▶ Your instructions:
All lines from the one containing "leading to Bodi." through the final line of the records below should be reproduced exactly, with the pictures left out.
====================
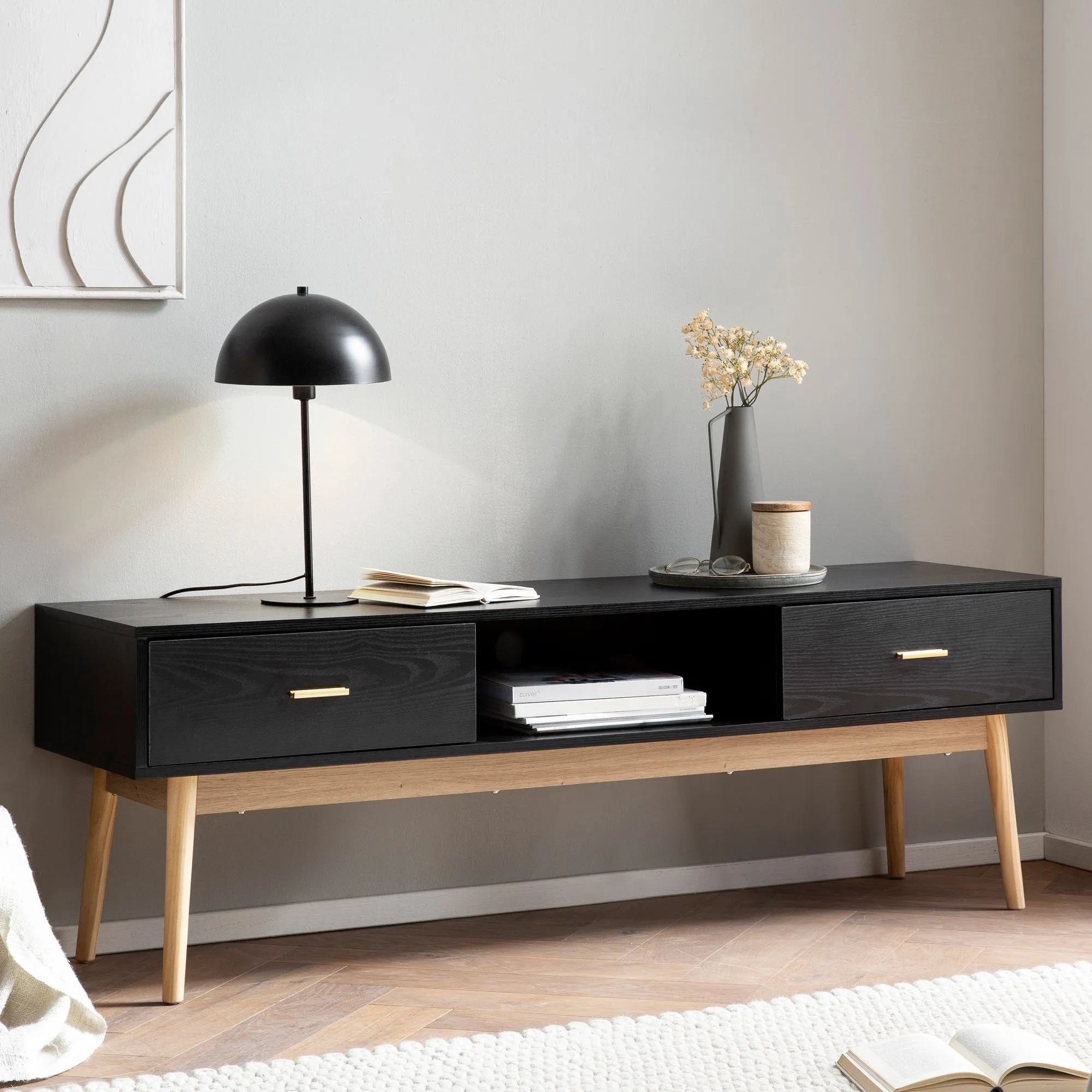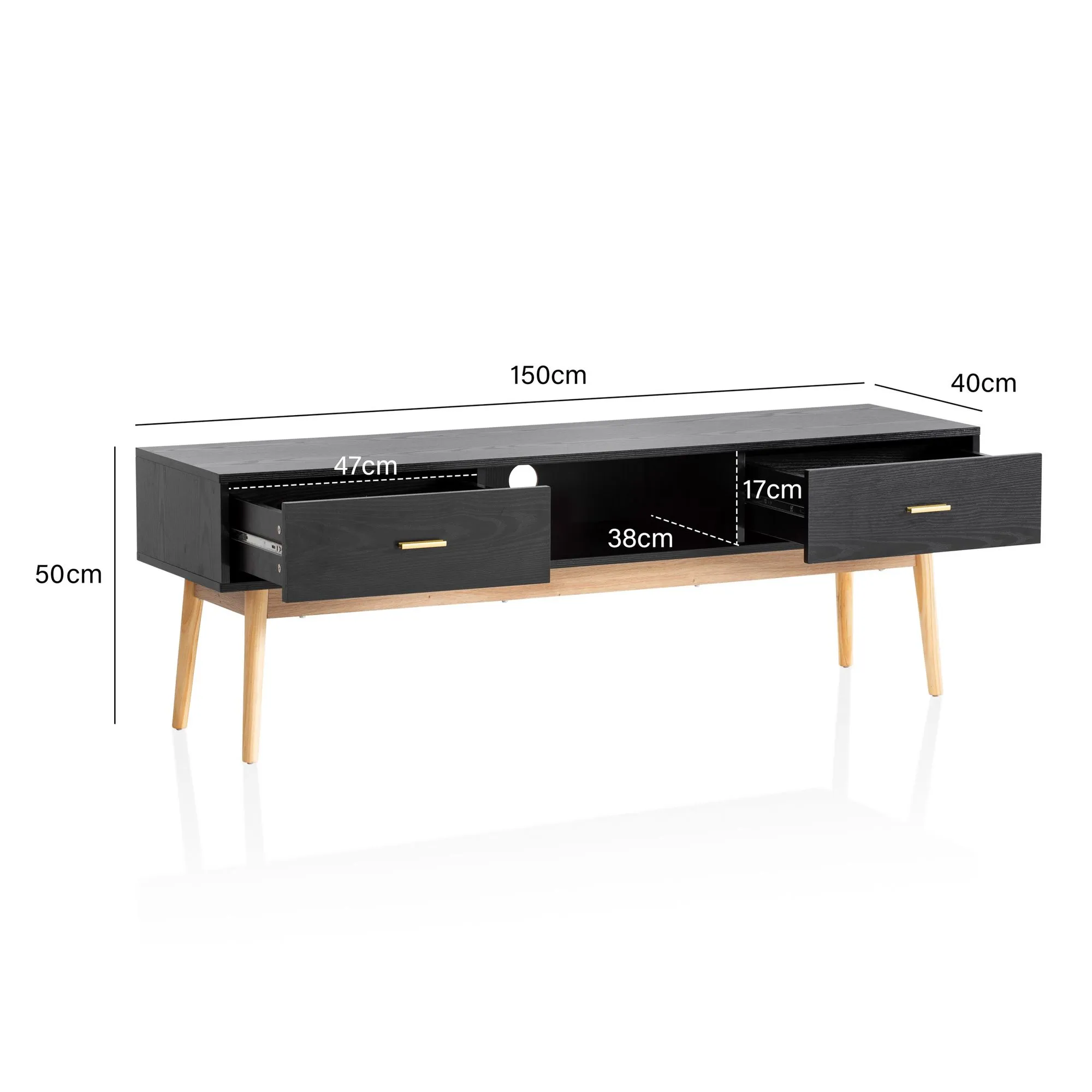 Wohnling Lowboard Schwarz mit Eiche-Dekor 150x50x40 cm TV-Kommode Modern
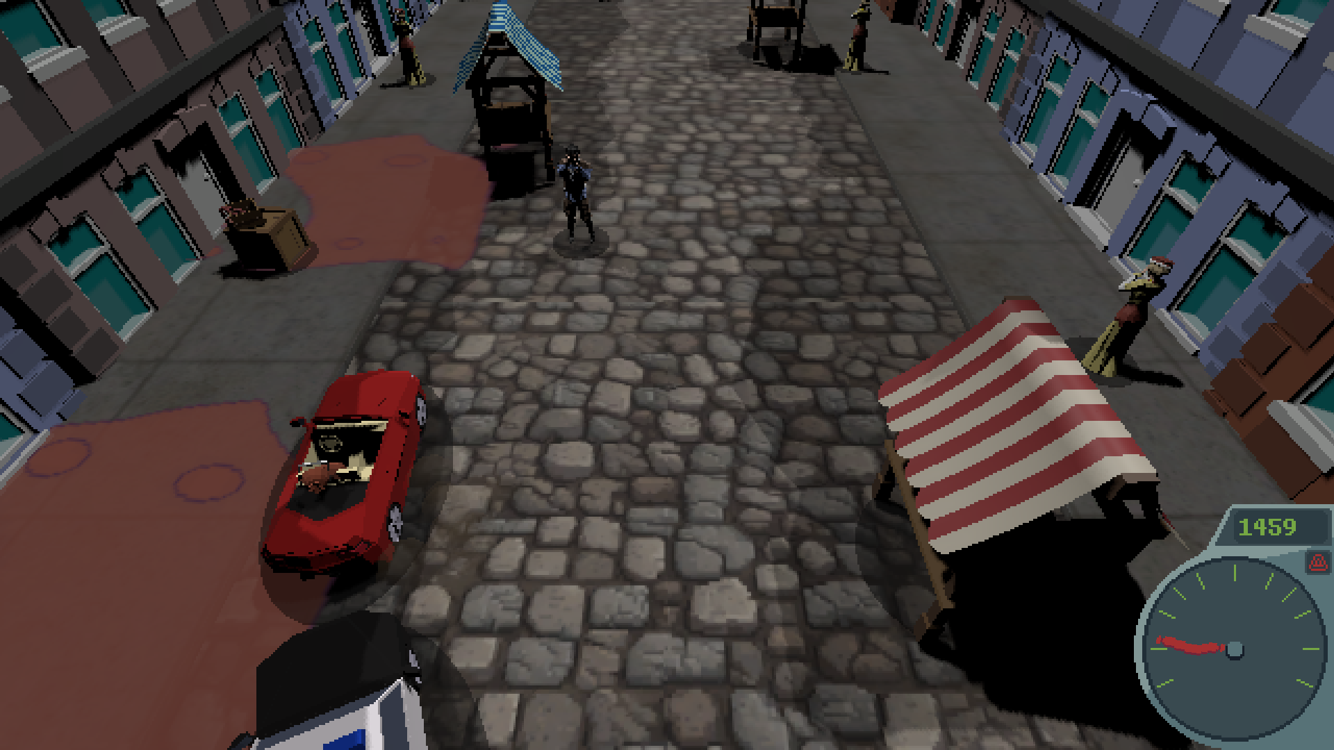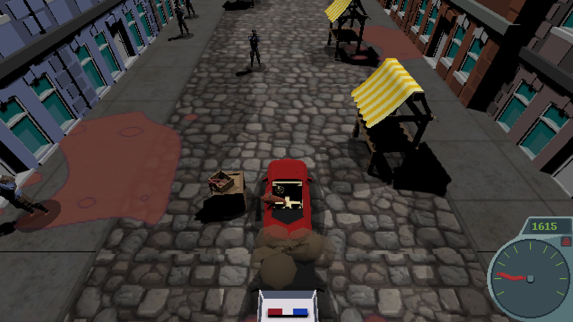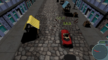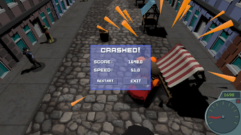 Using left and right buttons or A and D, drive into villagers and crates of sausages and speed into the distance.
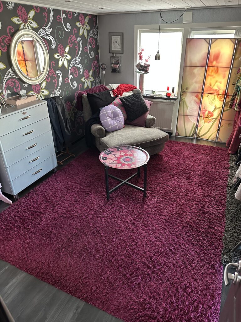 Där jag sätter på mig mina smycken har vi en stor, alldeles underbar, ryamatta. Den är mycket skön att gå på. Den dämpar ljud. Den har fin färg och livar upp garderoben.
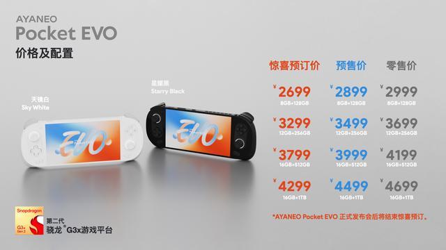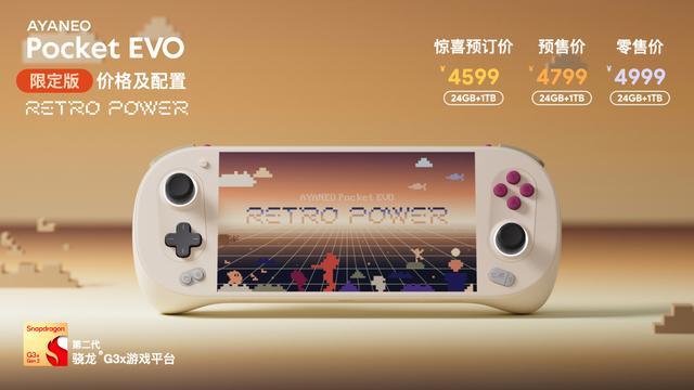 AYANEO Pocket EVO 为一款安卓掌机,已在官网开启预订,预订价 2699 元起。另外,该掌机配置信息已于今年 8 月公布,核心配置包括配备 7 英寸 OLED 120Hz 高刷屏,并搭载第二代骁龙 G3x 处理器。
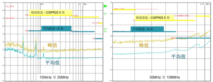 對于汽車終端設備,未來 EMC 合規(guī)性的主要推動力無疑來自于通過車輛間通信支持的自主車輛。針對“板載接收器保護”的 CISPR 25 規(guī)范已針對傳導發(fā)射設置了嚴格的限制,在 FM 頻帶(76MHz 至 108MHz)的限制尤為嚴格。
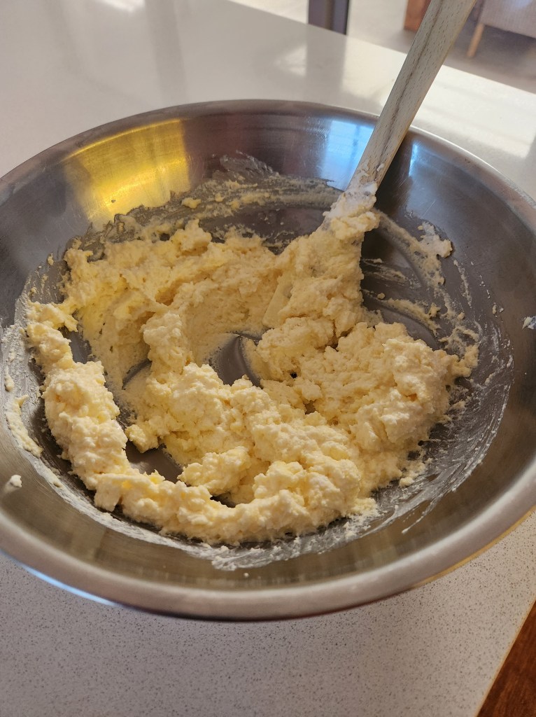 The butter should be softened to make it easier to work with, and the ricotta adds a lovely creaminess to the dough. Mix these together until they form a smooth and creamy base.
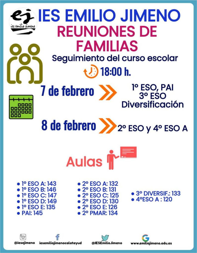Reuniones de familias ESO por · 02/02/2023 Se convocan reuniones de familias de seguimiento del curso escolar según el calendario siguiente:
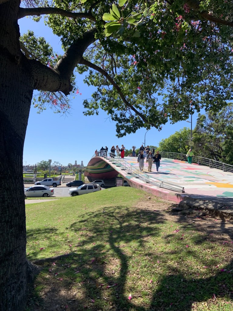 After an hour of getting lost amongst the departed, I found my way back out into the land of the living, had a coffee and strolled around the adjacent market. Similar to the one I went to last weekend, it was full of art, jewellery, and tourist stuff. Not only is it adjacent to the tourist ‘attraction’ of the cemetery, but is also nearer to the cruise ship dock. Am I being cynical? It was nice though, and forced me to walk further, ending up near to the National Museum of Fine Art and an impressive university building, accessible by walking across a ‘rainbow bridge’.
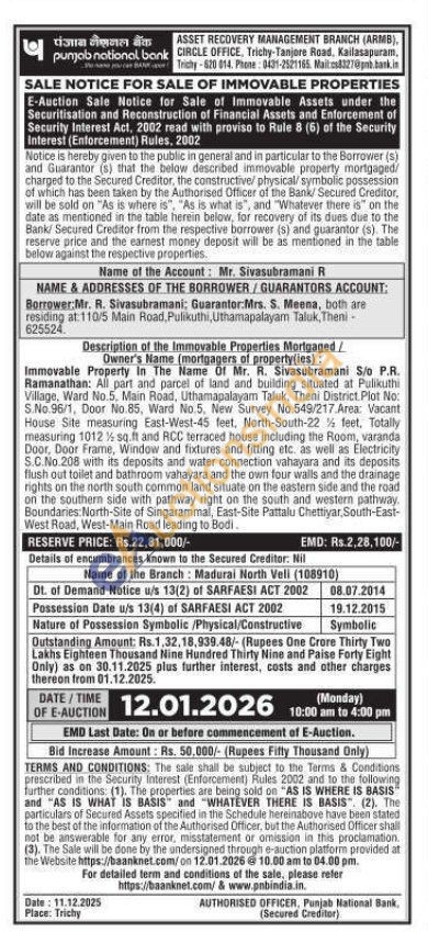 :All part and parcel of land and building situated at Pulikuthi Village, Ward No.5. Main Road, Uthamapalayam Taluk, Theni District. Plot No: S.No.96/1, Door No.85, Ward No.5. New Survey No.549/217.Area: Vacant House Site measuring East-West-45 feet, North-South-22 feet, Totally measuring 1012% sq.ft and RCC terraced house including the Room, varanda Door, Door Frame, Window and fixtures and fitting etc. as well as Electricity S.C.No.208 with its deposits and water connection vahayara and its deposits flush out toilet and bathroom vahayara and the own four walls and the drainage rights on the north south common land situate on the eastern side and the road on the southern side with pathway right on the south and western pathway Boundaries:North-Site of Singarammal, East-Site Pattalu Chettiyar, South-East-West Road, West-Main Road leading to Bodi.
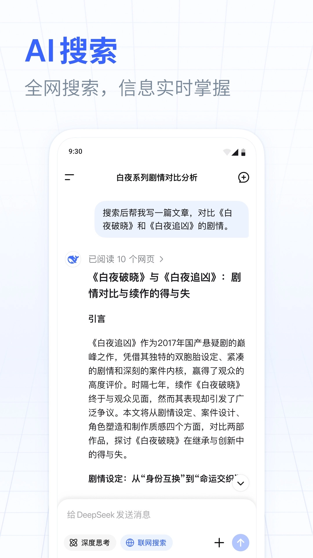 DeepSeek免费版作为一款备受好评的智能AI工具,集对话互动、内容创作等功能于一体,能够为用户答疑解惑、赋能生产场景;它具备智能问答、全网资源检索、高效文档解读的能力,同时支持深度思考与联网搜索,致力于打造流畅自然的智能对话体验,不仅响应即时、交流顺畅,还能让用户随时获取最新资讯,并且支持通过文件上传来提取所需信息。
====================
▶ Task output:
 :All part and parcel of land and building situated at Pulikuthi Village, Ward No.5. Main Road, Uthamapalayam Taluk, Theni District. Plot No: S.No.96/1, Door No.85, Ward No.5. New Survey No.549/217.Area: Vacant House Site measuring East-West-45 feet, North-South-22 feet, Totally measuring 1012% sq.ft and RCC terraced house including the Room, varanda Door, Door Frame, Window and fixtures and fitting etc. as well as Electricity S.C.No.208 with its deposits and water connection vahayara and its deposits flush out toilet and bathroom vahayara and the own four walls and the drainage rights on the north south common land situate on the eastern side and the road on the southern side with pathway right on the south and western pathway Boundaries:North-Site of Singarammal, East-Site Pattalu Chettiyar, South-East-West Road, West-Main Road leading to Bodi.
 DeepSeek免费版作为一款备受好评的智能AI工具,集对话互动、内容创作等功能于一体,能够为用户答疑解惑、赋能生产场景;它具备智能问答、全网资源检索、高效文档解读的能力,同时支持深度思考与联网搜索,致力于打造流畅自然的智能对话体验,不仅响应即时、交流顺畅,还能让用户随时获取最新资讯,并且支持通过文件上传来提取所需信息。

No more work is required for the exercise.